I would like to thank Dr. Clara Martins Pereira for her comments on an earlier draft. I am also grateful for the feedback of the Senior Editorial Team of the Oxford University Undergraduate Law Journal’s 11th Edition.

 

[1] [2020] UKSC 13, [2020] AC 973.

[2] [2020] UKSC 12, [2020] AC 989.

[3] [2012] UKSC 56, [2013] 2 AC 1.

[4] Honeywill and Stein Ltd v Larkin Brothers Ltd [1934] 1 KB 191 (CA) 196 (Slesser LJ).

[5] Various Claimants v Catholic Child Welfare Society [2012] UKSC 56, [2013] 2 AC 1 [35], [47] (Lord Phillips).

[6] [2016] UKSC 10, [2016] AC 660.

[7] [2017] UKSC 60, [2018] AC 355.

[8] (n 1)

[9] ibid [24].

[10] ibid [27].

[11] ibid [29].

[12] Armes at [88].

[13] See e.g. Woodland v Essex CC [2013] UKSC 66, [2014] AC 537 [7] (Lord Sumption).

[14] ibid [23].

[15] Paula Giliker, ‘Vicarious liability, non-delegable duties and teachers: can you outsource liability for lessons?’ (2015) 31(4) JPN 259, 270.

[16] Cox at [20]-[21] (Lord Reed).

[17] Andrew Dickinson, ‘Fostering uncertainty in the law of tort’ (2018) 134 LQR 359, 362.

[18] John Salmond, A treatise on the English law of liability for civil injuries (Stevens and Haynes, 1907).

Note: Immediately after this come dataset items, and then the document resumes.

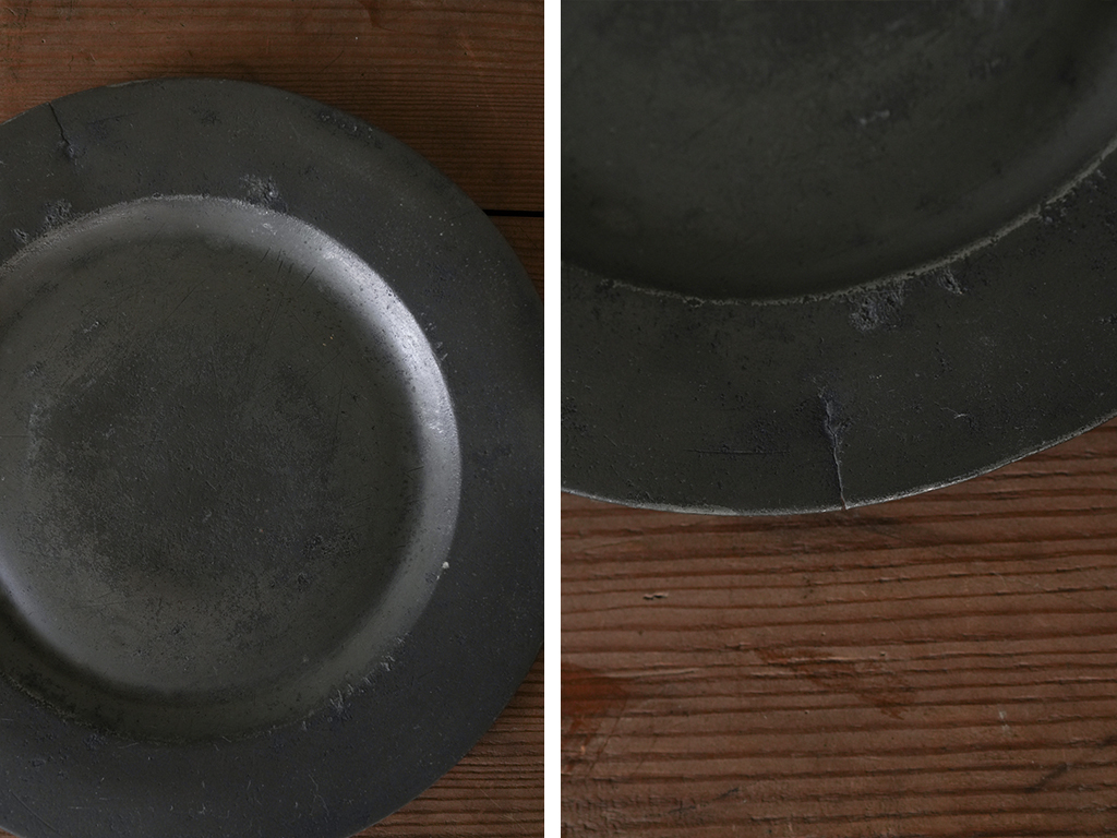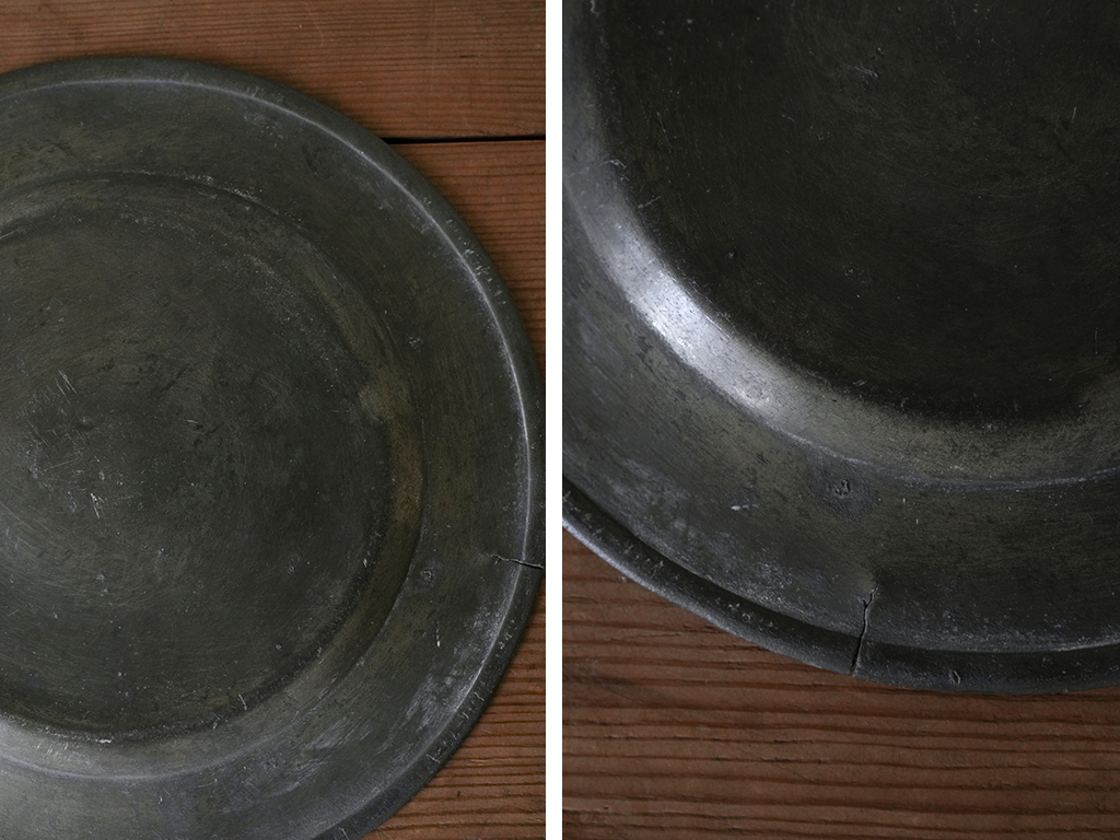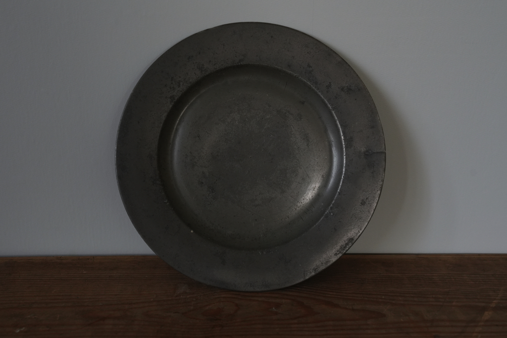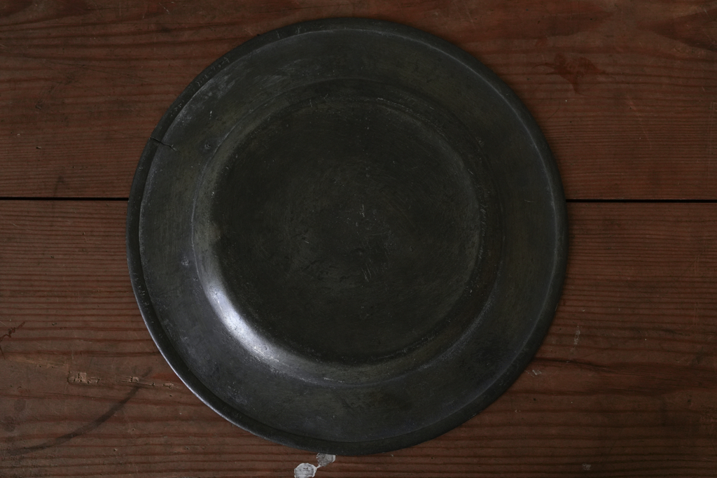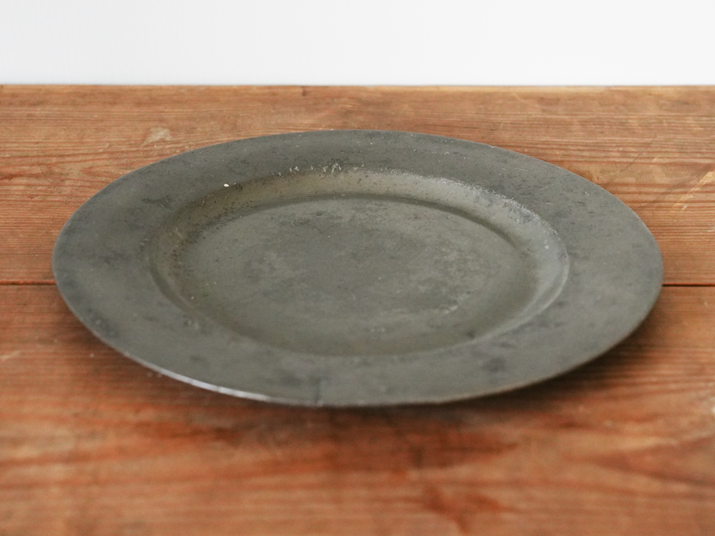 フランスの田舎で見つけた古いピューター製のプレート(中皿)です。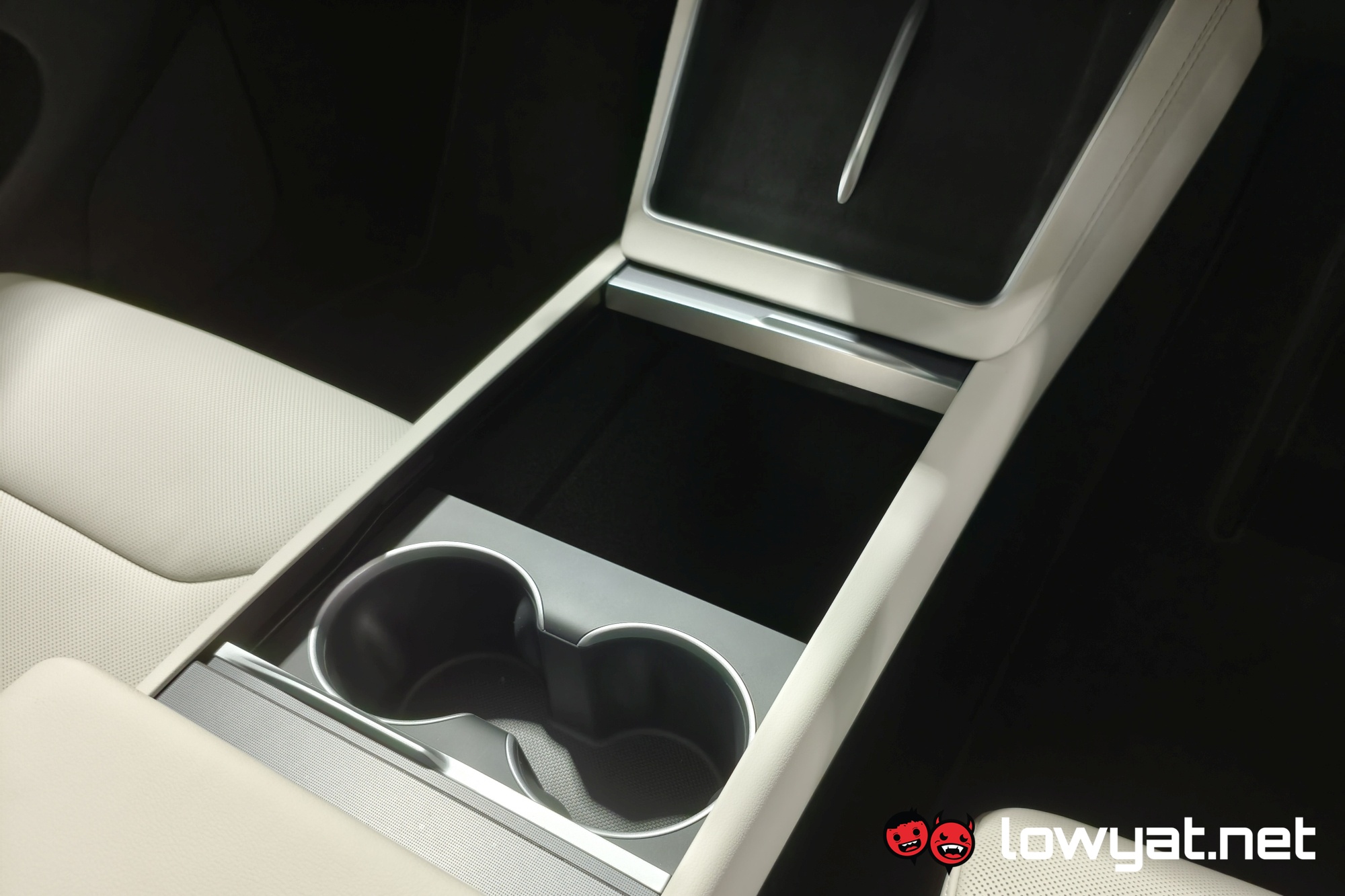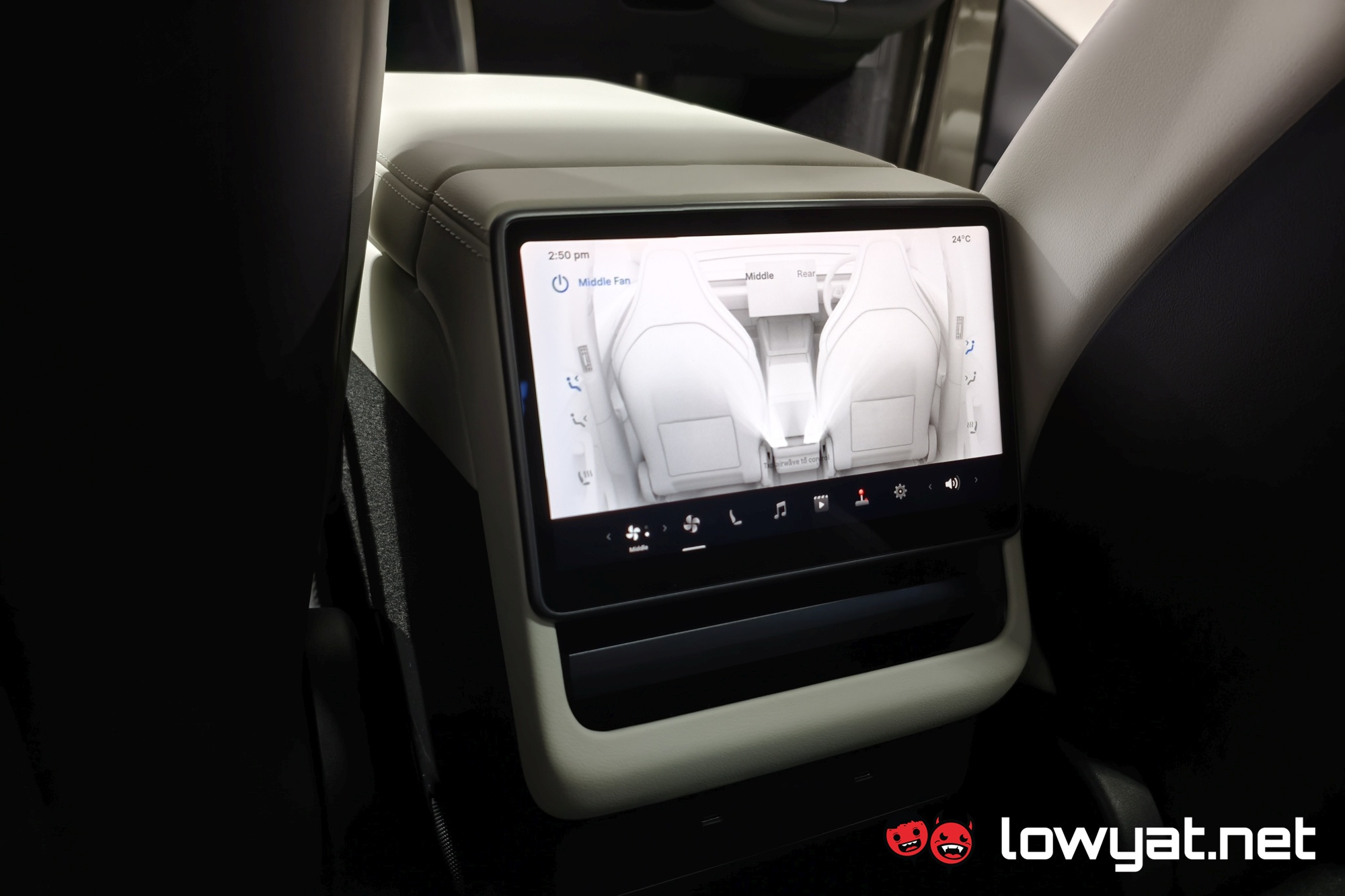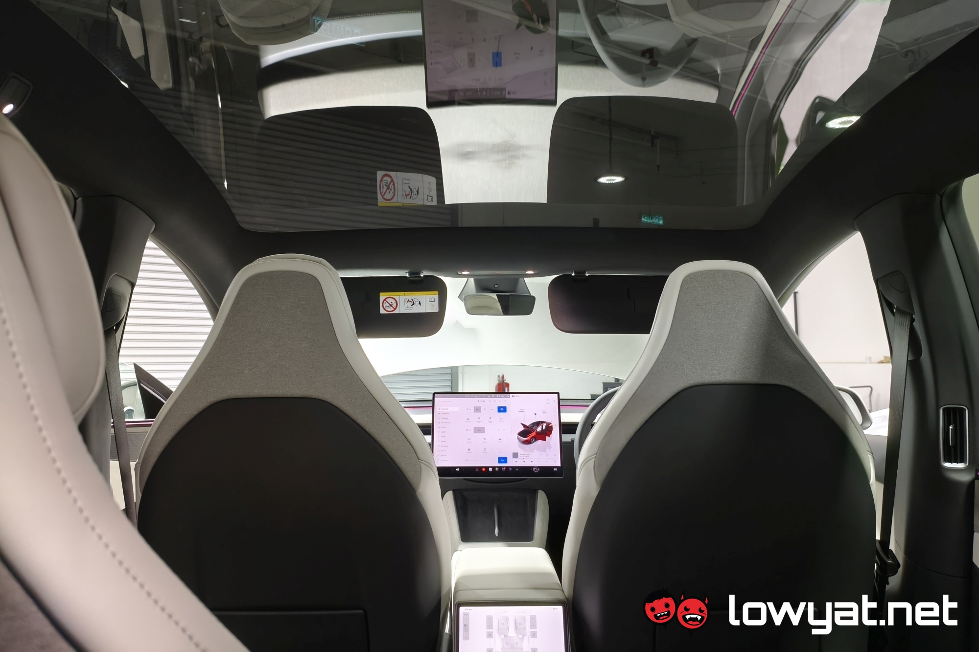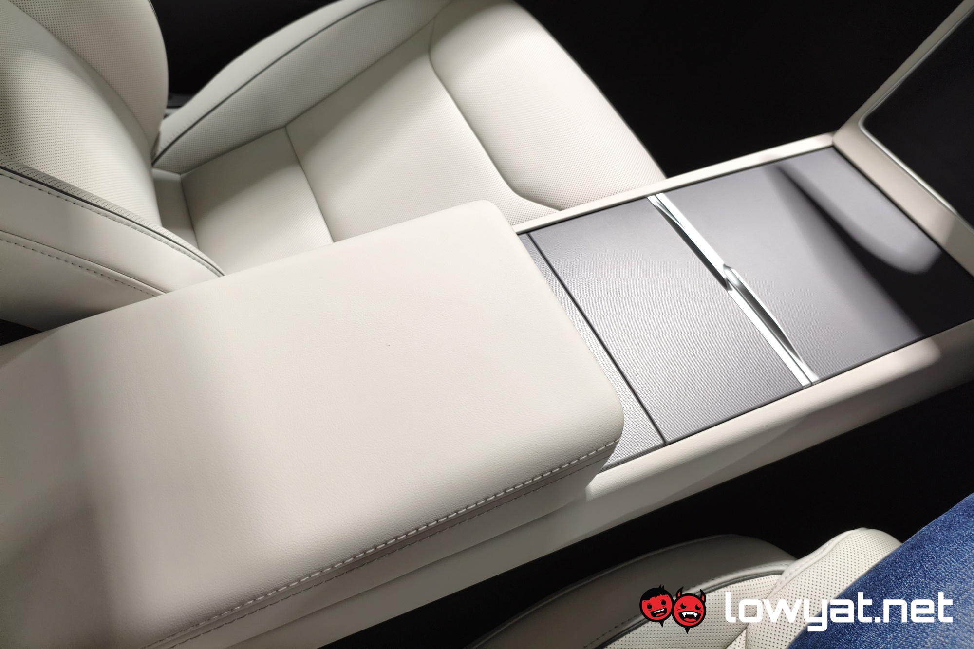 Inside, the centre console is mostly identical, from the dual wireless charging pads down to the 8-inch screen for the second-row passengers. That being said, the wireless chargers are now 50W and 30W for the driver and passenger sides respectively. The company also notes that the main screen in front measures 16 inches, and as with prior Teslas, just about everything is done from here. Even opening the glove box, believe it or not.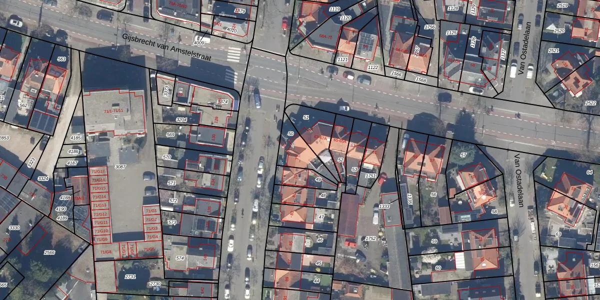 Gebruik de zoekbalk of klik op een perceel voor informatie over de adressen binnen dit perceel.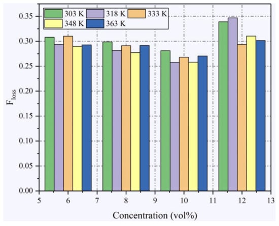At a constant concentration, the proportions of heat loss are approximately constant except for 12%. Moreover, the proportions of heat loss at 12% are notably larger.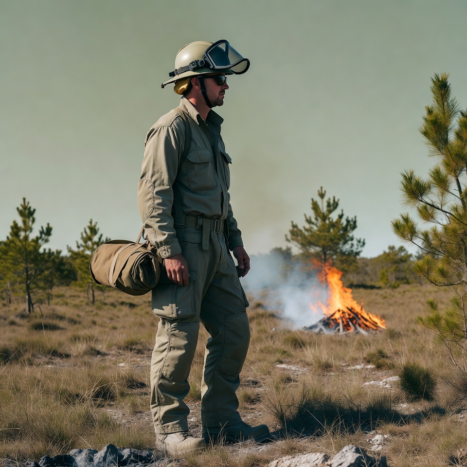 Firefighter stands in a grassy area near a controlled burn. Smoke rises from the fire as he observes the flames.

[19] Lister v Hesley Hall Ltd [2001] UKHL 22, [2002] 1 AC 215 [20] (Lord Steyn), [82] (Lord Millett).

[20] [2016] UKSC 11.

[21] (n 2)

[22] ibid [28], [31] (Lord Reed).

[23] ibid [30].

[24] ibid [24].

[25] Nicholas McBride, Roderick Bagshaw, Tort Law (6th edn, Pearson 2018) 848.

[26] James Lee, ‘The Supreme Court, Vicarious Liability and the Grand Old Duke of York’ (2020) 136 LQR 553, 556.

[27] C.f. Mattis v Pollock [2003] EWCA Civ 887, [2003] 1 WLR 2158; Catholic Child Welfare Society; and Gravill v Caroll [2008] EWCA Civ 689, [2008] ICR 1222.